To the extent permitted by law, the Company is not liable for any loss incurred from accessing or downloading the Prospectus from this website, including, but not limited to, data corruption or download.

Entitlement and Acceptance

Anyone who wants to take up their entitlement will need to carefully consider the TMD and Prospectus and complete the personalised Entitlement and Acceptance Form attached to or accompanied by the Prospectus (Acceptance Form) or pay the applications monies in accordance with the details set out in the Prospectus and Acceptance Form. The Corporations Act 2001 (Cth) prohibits any person from passing onto another person an Acceptance Form unless it is attached to or accompanied by a complete and unaltered version of a prospectus. 

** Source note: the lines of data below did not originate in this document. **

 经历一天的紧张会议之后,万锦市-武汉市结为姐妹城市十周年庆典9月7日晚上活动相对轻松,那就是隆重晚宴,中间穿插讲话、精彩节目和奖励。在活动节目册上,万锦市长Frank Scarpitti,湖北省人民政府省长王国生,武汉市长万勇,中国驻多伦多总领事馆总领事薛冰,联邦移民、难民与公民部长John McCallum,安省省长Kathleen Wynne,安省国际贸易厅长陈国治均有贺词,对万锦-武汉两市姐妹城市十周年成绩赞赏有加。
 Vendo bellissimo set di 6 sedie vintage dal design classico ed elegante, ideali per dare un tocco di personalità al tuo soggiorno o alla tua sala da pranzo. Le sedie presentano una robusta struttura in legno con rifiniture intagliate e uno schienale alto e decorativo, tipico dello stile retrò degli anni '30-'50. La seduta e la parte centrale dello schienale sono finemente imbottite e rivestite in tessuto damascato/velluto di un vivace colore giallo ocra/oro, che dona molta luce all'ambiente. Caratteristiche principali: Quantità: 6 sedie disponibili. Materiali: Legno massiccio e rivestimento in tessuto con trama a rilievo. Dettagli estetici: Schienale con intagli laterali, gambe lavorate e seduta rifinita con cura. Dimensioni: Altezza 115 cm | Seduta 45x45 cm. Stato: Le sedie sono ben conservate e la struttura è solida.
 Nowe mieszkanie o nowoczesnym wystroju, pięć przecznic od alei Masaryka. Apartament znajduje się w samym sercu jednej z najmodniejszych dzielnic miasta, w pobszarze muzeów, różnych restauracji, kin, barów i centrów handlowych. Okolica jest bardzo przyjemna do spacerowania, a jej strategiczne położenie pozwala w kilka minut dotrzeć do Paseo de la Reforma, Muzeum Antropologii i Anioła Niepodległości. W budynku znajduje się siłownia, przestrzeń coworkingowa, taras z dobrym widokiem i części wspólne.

The Company reserves the right not to accept an Acceptance Form or payment of application monies from a person if it has reason to believe that when that person was given access to the electronic Acceptance Form, it was not provided together with the electronic Prospectus and any relevant supplementary or replacement prospectus or any of those documents were incomplete or altered.

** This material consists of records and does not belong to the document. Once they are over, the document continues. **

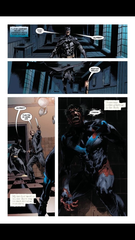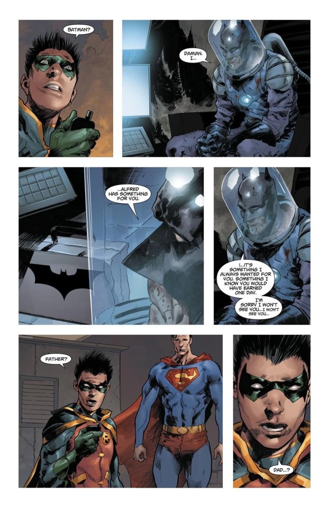 Le scénariste vedette Tom Taylor dirige cette histoire, apportant le même amour tordu et la même affection pour les personnages que dans Injustice, sa précédente histoire de futur sombre alternatif. Mais Taylor n’est pas un écrivain cynique et dépeint chaque personnage principalement à travers leur héroïsme et l’amour qu’ils se portent les uns aux autres. Les scènes de Superman et Batman avec leurs fils respectifs sont au cœur de cette histoire. La connaissance considérable de Taylor sur les différentes capacités, faiblesses et l’intelligence des héros et des méchants augmente les enjeux. Trevor Hairsine dessine habilement le carnage tout du long, avec des encres de Stefano Gaudiano – célèbre pour son travail sur The Walking Dead. Ensemble, ces créateurs empêchent l’histoire de sombrer dans la dépression, engageant plutôt les lecteurs à suivre les efforts et la détermination des super-héros.
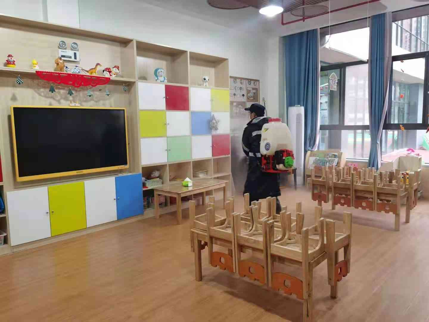 ~ 伴随着机器的轰鸣声和弥散的消毒液气味,队员们严格按照卫生消杀管理的标准规范操作,身着防护设备、背负40余斤重的消毒设备,对滁州二小和附属丰山幼儿园的教室、实验室、办公室、食堂、各功能室等人群密集性区域进行重点消杀,对校园、卫生间、楼道等公共部位进行细致消杀,做到不留盲区、不留死角,确保切断病毒的传播途径,降低交叉感染的风险。虽然阴雨绵绵,加之密不透气的防护服,让队员们早已汗流浃背,但他们依旧以认真负责的态度,高标准、高质量完成防疫消杀工作,为全校师生创造卫生健康的工作、学习、生活环境。(
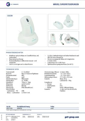 - Kabellose, optische Reinraum-Maus mit Ladestation und Scrollfunktion
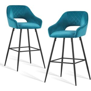 Ainpecca - 2pcs Dark teal Bar Stool Velvet Seat w/Backrest &Armrest Metal Leg Kitchen Breakfast
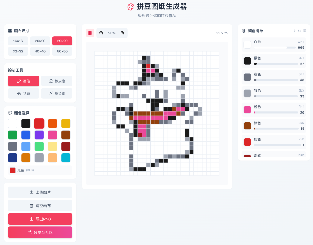 上传图片后自动生成拼豆图纸。三栏布局(左侧功能区、中间画布、右侧统计区),内置画笔、橡皮擦、填充、取色器四大工具。

If an Acceptance Form is not completed correctly, or if the accompanying payment is the wrong amount, the Company may, in its discretion, still treat the Acceptance Form to be valid. The Company’s decision to treat an acceptance as valid, and how to construe, amend or complete the Acceptance Form, will be final.

No Advice

Nothing contained on this website or in the Prospectus constitutes investment, legal, business, tax or other advice. In particular, the information on this website and in the Prospectus does not take into account your financial or investment objectives, financial situation or particular needs. In making an investment decision, you must rely on your own examination of the Company, the securities being offered for and the terms of the offering, including the merits and risks involved. You should consult your professional advisers for investment, legal, business, tax or other advice.

Persons to whom Offers are available

For legal reasons, the electronic version of the Prospectus accessible through this website is available to persons accessing this website from within Australia and New Zealand only. If you are accessing this website from anywhere outside Australia or New Zealand, please do not download the electronic version of the Prospectus.

The Prospectus does not constitute an offer, or invitation to apply for, of securities in any jurisdiction where, or to any person to whom, it would not be lawful to issue the Prospectus or to make the offer or invitation. It is the responsibility of any applicant outside Australia or New Zealand to ensure compliance with all laws of any country relevant to their applications, and any such applicant should consult their professional advisers as to whether any government or other consents are required, or whether any formalities need to be observed to enable them to apply for and be allotted any securities.

It is not practicable for the Company to comply generally with the securities laws of overseas jurisdictions having regard to the number of overseas shareholders, the number and value of securities those shareholders would be offered and the cost of complying with regulatory requirements in each relevant jurisdiction. Accordingly, the offer pursuant to the Prospectus is only being extended and securities will only be issued to shareholders with a registered address in Australia or New Zealand.

Acknowledgement

By clicking “I Accept” below, you acknowledge and agree that:

  • You have read and understood the TMD and that you either fall within the Target Market or, if you do not fall within the Target Market, you are accessing the Prospectus for information purposes only and that you will not make an application under the Offers;
  • You have read and understood the above terms and conditions to access the electronic version of the Prospectus;
  • You are a resident of Australia or New Zealand and you are requesting a copy of the Prospectus from within Australia or New Zealand;
  • You will not pass onto any other person the Acceptance Form unless it is attached to or accompanied by the complete and unaltered electronic version of the Prospectus and the TMD.